A car is moving with constant speed of 10m/s on a horizontal circular path of radius `10sqrt(3m)` . A bob of mass m suspended through a light string from the roof of the car. What is the angle made by the string with the vertical if the bob is stationary with respect to the car? (g = 10 m/`s^(2)`)

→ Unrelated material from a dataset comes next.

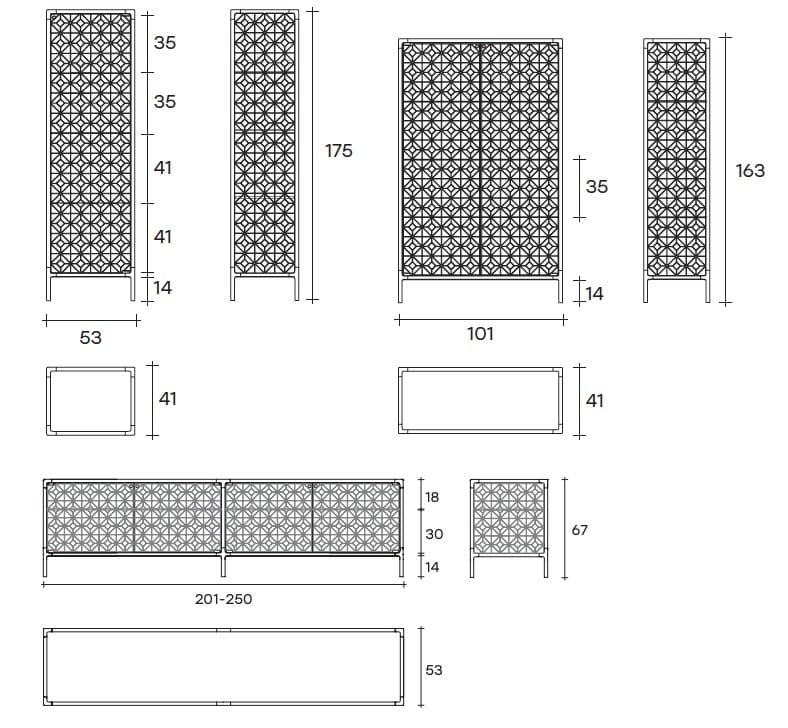 Echo is a showcase with varnished aluminium profiles, available in metalized champagne or vulcan grey finishes. Base in 6 mm thick tempered and back lacquered extralight glass of the same profiles color; relevant glass structure and doors in 6 mm thick extralight, smoke or bronze tempered and fused glass; inner shelves in 8 mm thick extralight tempered glass. The showcase is also available in float (non fused) glass and in semi-reflecting glass. LED lighting system integrated in the structure frontal pillars (optional).
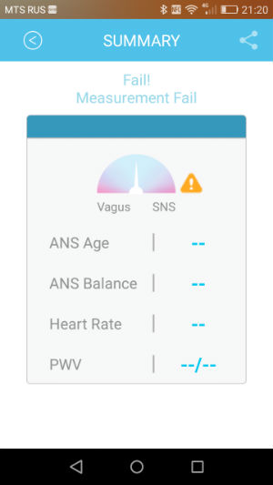 Покритикуем еще. Измерения далеко не всегда бывают удачные. Процент неудачных измерений (когда вы вроде бы держите устройство обеими руками, как надо, но на ЭКГ черт знает что, и в итоге мы видим сообщение Fail! Measurement Fail) слишком велик. В процессе тестирования это было не один и не два раза.

To solve the problem, we need to find the angle made by the string with the vertical when the bob is stationary with respect to the car moving in a horizontal circular path. Here’s a step-by-step solution: ### Step 1: Identify the Forces Acting on the Bob The bob experiences three forces: 1. The gravitational force (weight) acting downwards: \( F_g = mg \) 2. The tension in the string acting along the string: \( T \) 3. The centripetal force required for circular motion acting horizontally: \( F_c = \frac{mv^2}{r} \) ### Step 2: Draw the Free Body Diagram (FBD) In the FBD of the bob: - The weight \( mg \) acts downwards. - The tension \( T \) can be resolved into two components: - \( T \cos \theta \) acting vertically (balancing the weight) - \( T \sin \theta \) acting horizontally (providing the centripetal force) ### Step 3: Set Up the Equations From the FBD, we can establish the following equations: 1. **Vertical Force Balance**: \( T \cos \theta = mg \) (1) 2. **Horizontal Force Balance**: \( T \sin \theta = \frac{mv^2}{r} \) (2) ### Step 4: Divide the Equations To eliminate \( T \), we can divide equation (2) by equation (1): \[ \frac{T \sin \theta}{T \cos \theta} = \frac{\frac{mv^2}{r}}{mg} \] This simplifies to: \[ \tan \theta = \frac{v^2}{rg} \] ### Step 5: Substitute the Given Values Given: - \( v = 10 \, \text{m/s} \) - \( r = 10\sqrt{3} \, \text{m} \) - \( g = 10 \, \text{m/s}^2 \) Substituting these values into the equation: \[ \tan \theta = \frac{(10)^2}{(10\sqrt{3})(10)} = \frac{100}{100\sqrt{3}} = \frac{1}{\sqrt{3}} \] ### Step 6: Find the Angle \( \theta \) Using the property of tangent: \[ \tan \theta = \frac{1}{\sqrt{3}} \implies \theta = 30^\circ \] ### Conclusion The angle made by the string with the vertical is \( \theta = 30^\circ \). ---